Our findings on the effects of growth and unemployment provide evidence against supply side theories that suggest lower taxes on the rich will induce labor supply responses from high-income individuals (more hours of work, more effort, etc.) that boost economic activity (see standard models of optimal labor income taxation in Saez, 2001 and Piketty and Saez, 2013).
Relatedly, they also show little support for the influential political–economic idea that tax cuts for the rich ‘trickle down’ to boost wider economic performance (Sowell, 2012). They are, in fact, more in line with recent empirical research showing that income tax holidays, windfall gains and tax cuts targeted at the top decile of the income distribution do not lead individuals to significantly alter the amount they work (Akee et al., 2010; Jones and Marinescu, 2018; Martínez et al., 2021; Zidar, 2019).

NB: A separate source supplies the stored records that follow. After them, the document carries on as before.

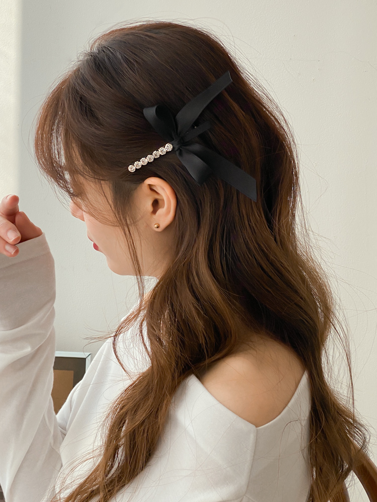 리본일자큐빅 옆머리 헤어 집게핀 4color
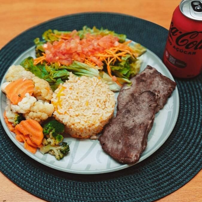 Arroz Integral Com Cenoura, Filé Mignon, Legumes Grelhados + Refrigerante 350 Ml
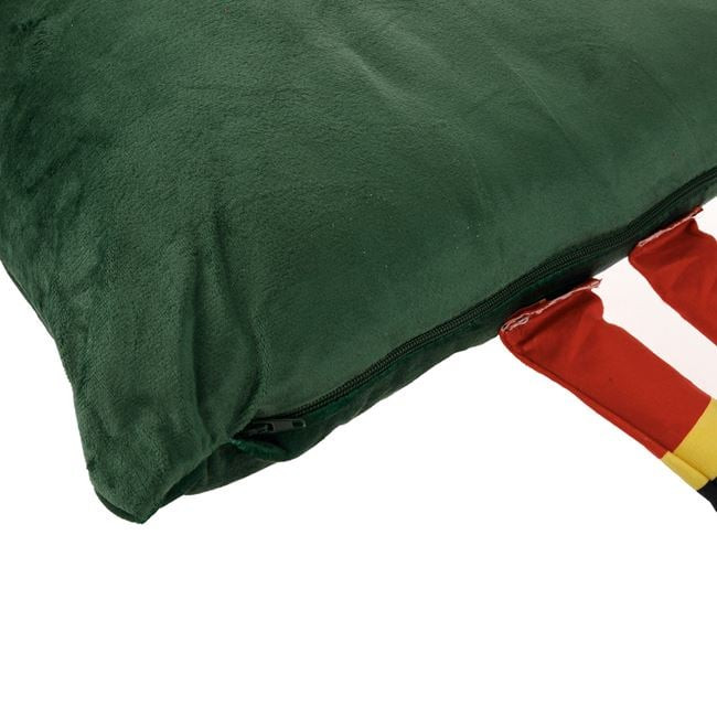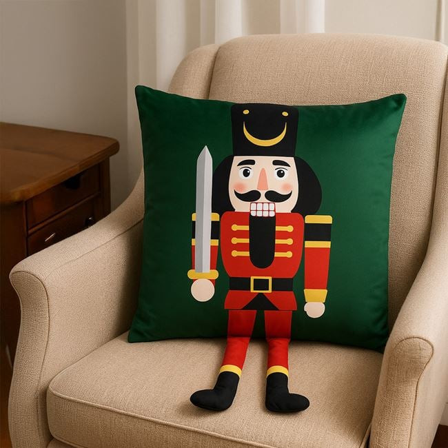 Zöld, bársonyos tapintású kanapépárna, egyoldalas mintával, cipzárral, diótörő figurával és 15 cm-es 3D lábakkal, amelyek kiemelkednek a párnából. Hangulatos ünnepi dekoráció, amely különleges karaktert ad az otthonodnak.

Overall, our analysis finds strong evidence that cutting taxes on the rich increases income inequality but has no effect on growth or unemployment. We employ a measure of top 1% share of pre-tax national income that includes both labor and capital income, which makes it less likely that tax shifting and avoidance are driving the results. In fact, our results are more in line with Piketty et al. (2014), who suggest that lower taxes on the rich encourage high earners to bargain more forcefully to increase their own compensation, at the direct expense of those lower down the income distribution.